→ **Assigned task**
Among the records below, find the line with "Orlando, Florida, January" and the line with "運動場の桜の木を見ると、ところどころ黄色に色づいた葉が見られました。". Set down both and every line between, exactly and with no pictures, but nothing else.
Data shown Block Start
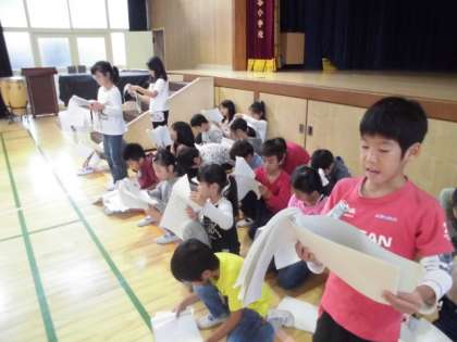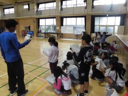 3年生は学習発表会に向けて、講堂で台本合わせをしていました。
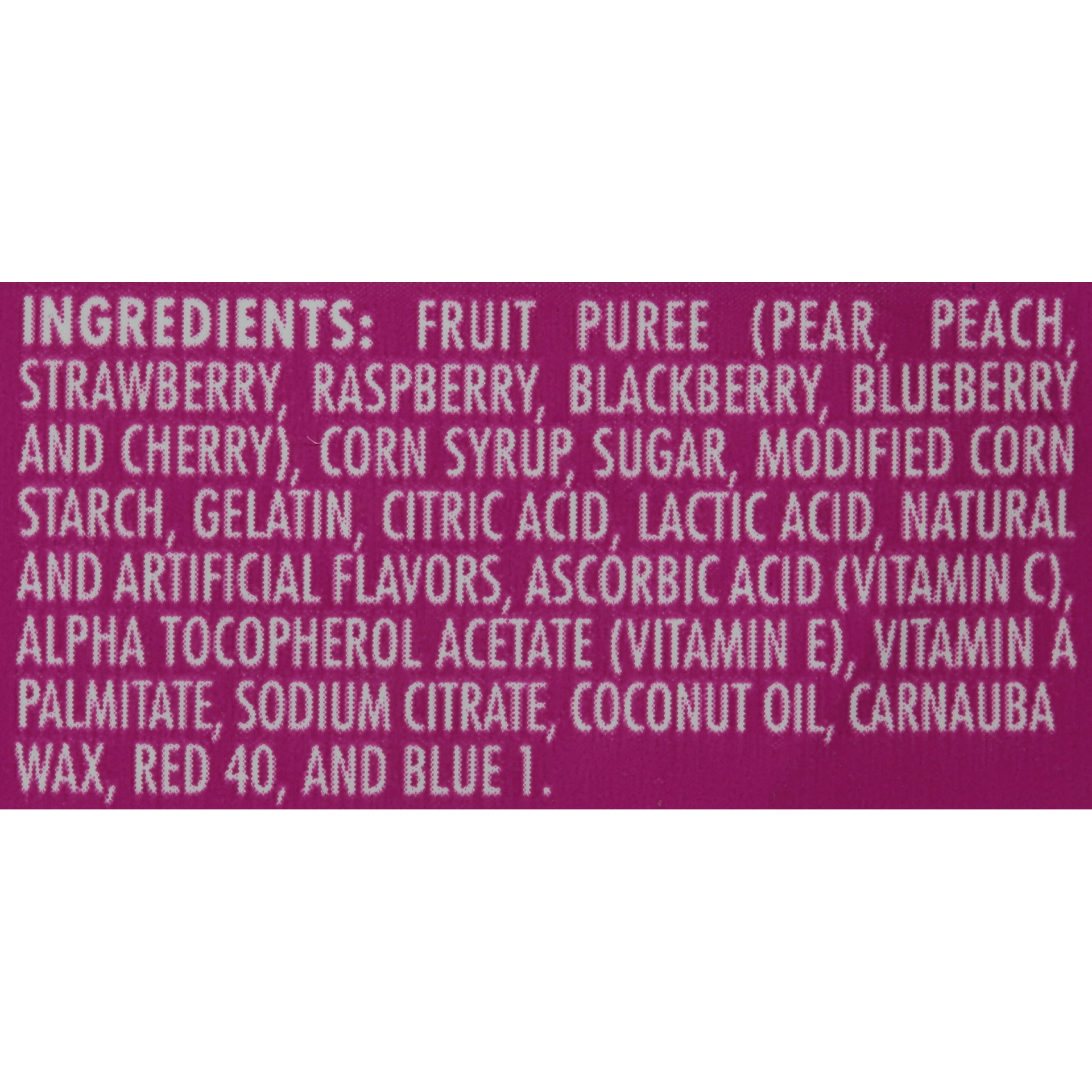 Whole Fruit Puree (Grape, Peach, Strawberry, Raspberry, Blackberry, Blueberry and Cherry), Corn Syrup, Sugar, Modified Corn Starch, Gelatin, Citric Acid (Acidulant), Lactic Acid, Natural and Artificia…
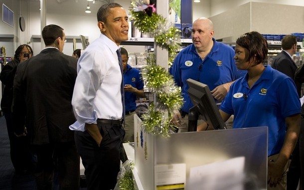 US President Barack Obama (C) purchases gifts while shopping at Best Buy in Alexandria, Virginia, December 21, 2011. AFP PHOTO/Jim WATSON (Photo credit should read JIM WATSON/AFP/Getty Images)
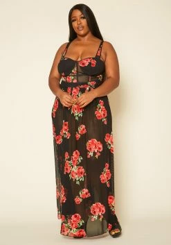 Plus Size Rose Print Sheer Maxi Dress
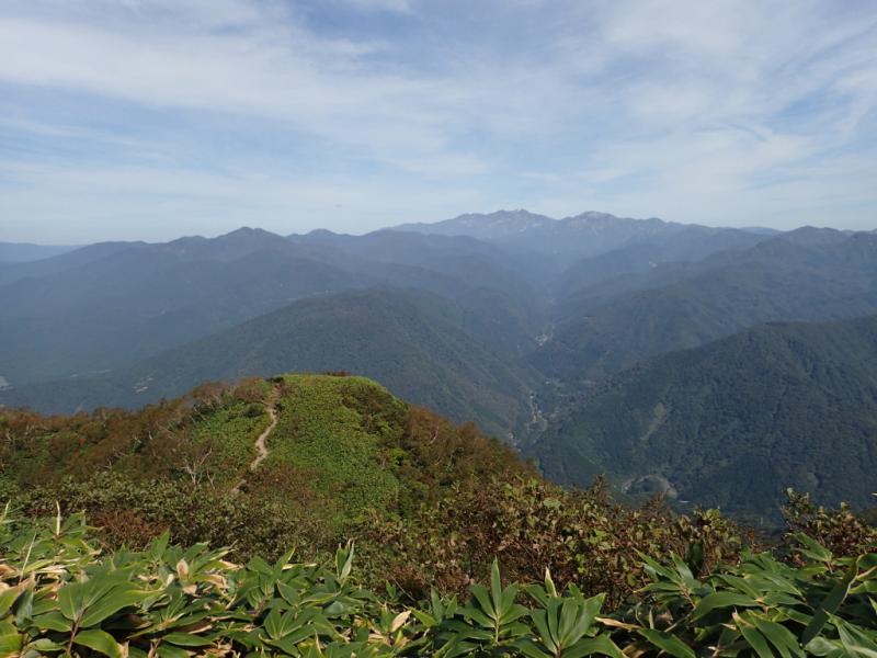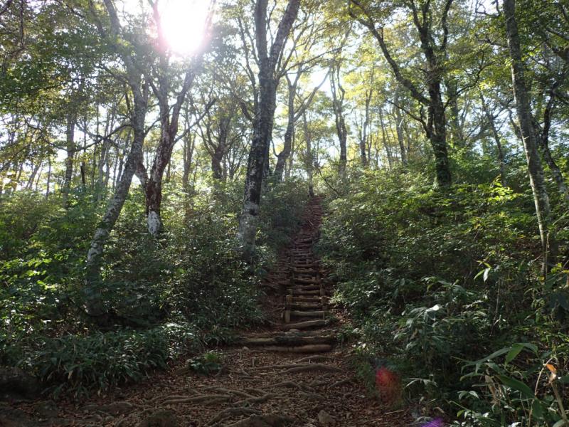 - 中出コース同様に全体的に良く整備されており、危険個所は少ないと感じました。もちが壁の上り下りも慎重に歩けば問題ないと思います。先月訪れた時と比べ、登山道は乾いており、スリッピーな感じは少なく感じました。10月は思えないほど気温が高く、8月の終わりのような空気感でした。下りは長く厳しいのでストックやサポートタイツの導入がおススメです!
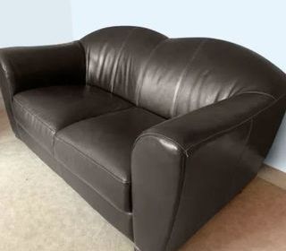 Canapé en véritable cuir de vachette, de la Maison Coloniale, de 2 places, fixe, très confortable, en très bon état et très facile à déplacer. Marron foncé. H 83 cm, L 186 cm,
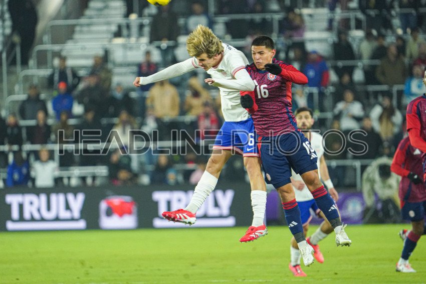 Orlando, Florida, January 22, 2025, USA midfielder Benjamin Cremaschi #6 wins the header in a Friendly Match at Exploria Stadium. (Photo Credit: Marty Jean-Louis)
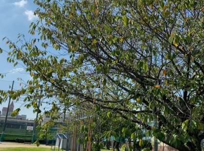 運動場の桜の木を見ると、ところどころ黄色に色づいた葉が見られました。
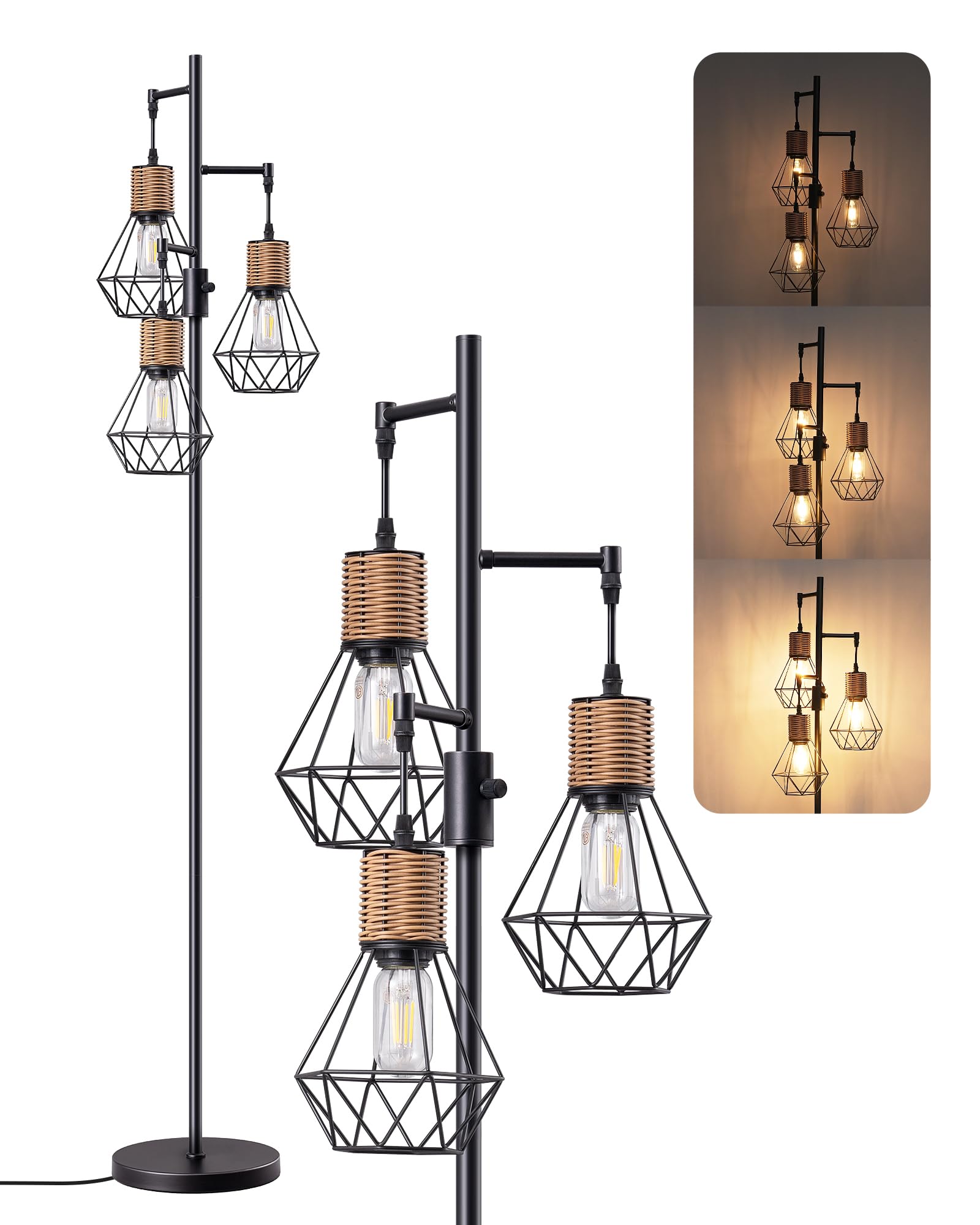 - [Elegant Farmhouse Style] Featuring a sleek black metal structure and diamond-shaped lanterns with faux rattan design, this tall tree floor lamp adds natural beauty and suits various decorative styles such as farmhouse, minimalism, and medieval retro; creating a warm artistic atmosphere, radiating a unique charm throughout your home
Data shown Block End
→ **Result for this task**
 Orlando, Florida, January 22, 2025, USA midfielder Benjamin Cremaschi #6 wins the header in a Friendly Match at Exploria Stadium. (Photo Credit: Marty Jean-Louis)
 運動場の桜の木を見ると、ところどころ黄色に色づいた葉が見られました。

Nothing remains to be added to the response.